El mapa de la resistencia indígena contra Sheinbaum

Heredera de conflictos sociales por megaproyectos gestados durante la administración de Andrés Manuel López Obrador, Claudia Sheinbaum Pardo enfrenta una serie de movilizaciones de grupos indígenas que, en su momento, creyeron en la promesa de la Cuarta Transformación de que los pueblos originarios recibirían apoyo y respeto a sus territorios.
Desde el norte del país, donde se defiende el Golfo de California de gasoductos que nacen en Estados Unidos y atraviesan territorios ancestrales y sagrados, así como la construcción de plantas de amoniaco en Topolobampo y Durango, pasando al centro del país, en San Luis Potosí y la región totonaca de Veracruz con la oposición al “fracking sustentable”, y en comunidades de Puebla y de Tlaxcala, que se oponen al Polo de Economía Circular, las resistencias de pueblos originarios contra megaproyectos agropecuarios, turísticos y de movilidad ferroviaria se mantienen también en entidades del sureste y la Península de Yucatán.
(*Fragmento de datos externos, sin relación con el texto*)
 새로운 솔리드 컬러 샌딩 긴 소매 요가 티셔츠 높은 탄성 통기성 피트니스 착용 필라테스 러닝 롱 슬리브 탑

Sin duda, ¡Aquí No! es el movimiento social que ha llamado poderosamente la atención por su defensa férrea del sistema lagunar de las bahías de Ohuira y Topolobampo, al norte de Sinaloa, de la construcción de plantas de producción de amoniaco y metanol que sus integrantes denominan “proyectos de muerte”.
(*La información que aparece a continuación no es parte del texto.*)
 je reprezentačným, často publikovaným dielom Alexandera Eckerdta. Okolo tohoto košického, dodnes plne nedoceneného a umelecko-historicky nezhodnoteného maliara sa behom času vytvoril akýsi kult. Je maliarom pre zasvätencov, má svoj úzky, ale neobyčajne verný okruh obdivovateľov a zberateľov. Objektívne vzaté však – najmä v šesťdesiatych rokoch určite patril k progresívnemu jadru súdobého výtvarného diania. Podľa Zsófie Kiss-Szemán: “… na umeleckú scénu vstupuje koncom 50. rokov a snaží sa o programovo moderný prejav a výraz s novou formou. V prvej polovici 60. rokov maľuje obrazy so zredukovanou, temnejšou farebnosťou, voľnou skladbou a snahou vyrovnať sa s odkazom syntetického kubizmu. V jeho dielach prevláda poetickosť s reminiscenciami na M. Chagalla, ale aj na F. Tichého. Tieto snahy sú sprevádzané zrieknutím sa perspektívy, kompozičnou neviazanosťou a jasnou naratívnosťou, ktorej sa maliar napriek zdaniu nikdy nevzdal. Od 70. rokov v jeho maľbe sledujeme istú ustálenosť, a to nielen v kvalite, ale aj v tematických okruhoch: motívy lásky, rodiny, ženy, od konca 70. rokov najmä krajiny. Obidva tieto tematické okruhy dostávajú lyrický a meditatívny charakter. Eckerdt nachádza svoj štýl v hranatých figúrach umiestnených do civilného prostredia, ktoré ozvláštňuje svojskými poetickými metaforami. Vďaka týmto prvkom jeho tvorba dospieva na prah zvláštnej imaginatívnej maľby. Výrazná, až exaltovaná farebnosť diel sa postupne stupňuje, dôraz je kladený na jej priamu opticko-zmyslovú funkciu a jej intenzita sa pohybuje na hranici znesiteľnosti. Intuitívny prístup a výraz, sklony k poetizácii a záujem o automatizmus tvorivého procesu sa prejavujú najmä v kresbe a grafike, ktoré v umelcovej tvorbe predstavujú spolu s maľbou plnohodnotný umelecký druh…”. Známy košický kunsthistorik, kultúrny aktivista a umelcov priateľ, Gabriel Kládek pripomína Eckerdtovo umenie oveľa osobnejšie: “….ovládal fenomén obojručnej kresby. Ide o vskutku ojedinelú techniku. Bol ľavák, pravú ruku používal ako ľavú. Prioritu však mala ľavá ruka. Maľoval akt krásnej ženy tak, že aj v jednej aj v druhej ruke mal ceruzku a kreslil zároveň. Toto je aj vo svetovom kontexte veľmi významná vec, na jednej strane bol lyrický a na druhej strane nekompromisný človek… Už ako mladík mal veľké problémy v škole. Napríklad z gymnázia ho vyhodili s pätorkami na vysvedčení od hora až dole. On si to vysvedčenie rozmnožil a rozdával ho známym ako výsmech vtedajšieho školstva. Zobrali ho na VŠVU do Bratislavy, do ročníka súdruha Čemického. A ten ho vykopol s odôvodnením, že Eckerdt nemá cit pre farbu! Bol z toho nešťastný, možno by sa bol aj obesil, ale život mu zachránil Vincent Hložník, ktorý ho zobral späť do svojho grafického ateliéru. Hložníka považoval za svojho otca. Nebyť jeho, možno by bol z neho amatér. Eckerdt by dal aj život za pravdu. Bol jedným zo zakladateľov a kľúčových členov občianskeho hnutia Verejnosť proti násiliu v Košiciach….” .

A partir del 1 de junio cientos de indígenas de comunidades y ciudadanos de Topolobampo y de Los Mochis, del municipio de Ahome, se movilizaron para defender su sistema lagunar oponiéndose, primero, al ingreso a territorio sinaloense de equipo importado para la construcción de una planta dispuesta para producir dos mil 200 toneladas diarias de amoniaco a cargo de la empresa Gas y Petroquímica de Occidente (GPO), filial del consorcio suizo-alemán Proman; y después, montando un campamento a las puertas de la instalación industrial para detener la edificación.
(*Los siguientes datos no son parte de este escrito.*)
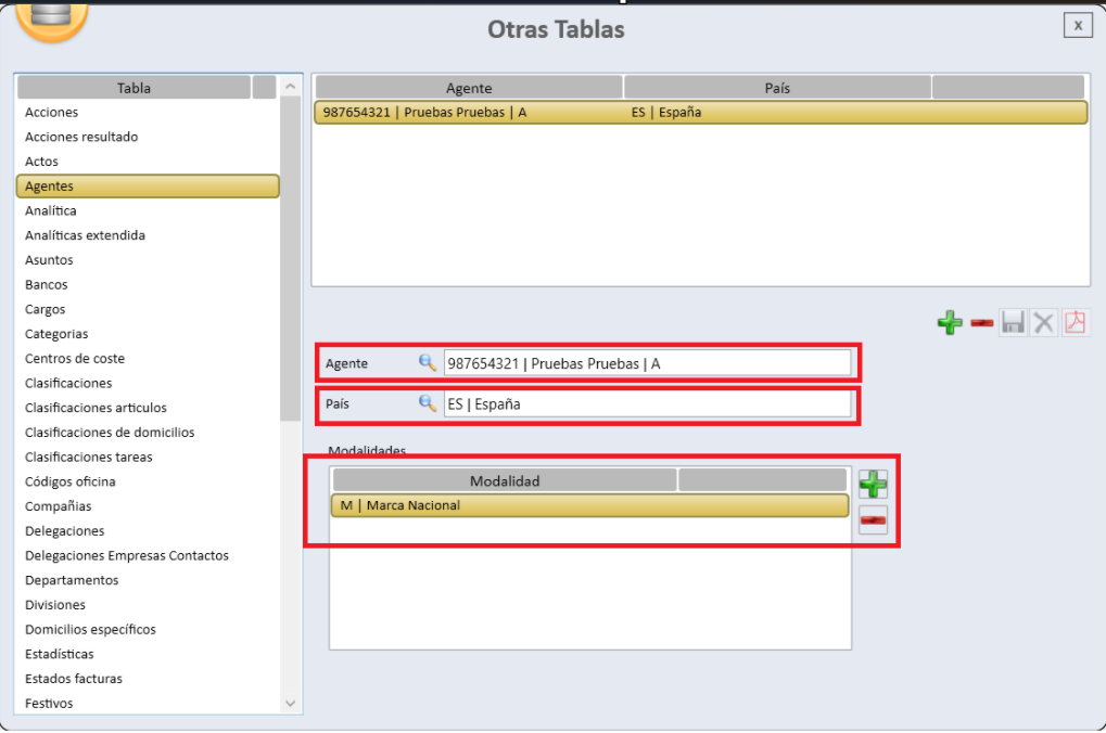 La ventana Otras Tablas → Agentes permite la asignación automática de un agente en función de los criterios o restricciones previamente definidos en dicha sección.

Las medidas extremas ocurren luego de que los integrantes de ¡Aquí No! han tocado pacíficamente todas las puertas posibles para advertir del peligro que representan los megaproyectos industriales para este sistema lagunar, declarado internacionalmente como sitio Ramsar 2025, por su riqueza ambiental.
Han litigado en el Poder Judicial, incluida la Suprema Corte de Justicia de la Nación (SCJN), para defender su derecho a ser consultados sobre el territorio indígena; han recurrido a 11 relatorías de la ONU que, en septiembre de 2025, validaron los temores de indígenas, pescadores y prestadores de servicios turísticos sobre los riesgos ambientales que representa GPO, y han viajado a Alemania para presentar una protesta a directivos del banco alemán de desarrollo KfW IPEX, por financiar el proyecto con alrededor de 860 millones de dólares, y pasar por alto la oposición de los pueblos originarios que serían afectados por la planta de amoniaco.
Hasta que lo vieron reaccionaron
“La ciudadanía reaccionó cuando llegaron esos artefactos, esos aparatos que pretendían instalar, esos reactores que tienen unos 60 a 70 metros; faltaba algo visual fuerte, y desde allí se empezó a ver diferente esta lucha, esta resistencia en la que están pueblos originarios y ciudadanía en general”, cuenta Felipe Montaño, gobernador indígena quien desde hace 13 años ha enfrentado presiones y amenazas para abandonar su lucha, que lo han llevado a portar chaleco antibalas proporcionado por el Mecanismo federal para la Protección de Personas Defensoras de Derechos Humanos y Periodistas.
El bloqueo de los trabajos de construcción de la planta de amoniaco y la demostración de fuerza obligaron a la secretaria de Medio Ambiente y Recursos Naturales, Alicia Bárcena, a dialogar el 12 de junio con integrantes de ¡Aquí No!, compromiso que había pospuesto durante más de un año, derivándose mesas de diálogo entre autoridades, la empresa y los opositores al proyecto, a partir del 17 de julio, encuentros presididos por el subdirector de la Comisión Nacional del Agua, Mauricio Rodríguez Alonso, nombrado representante del gobierno federal.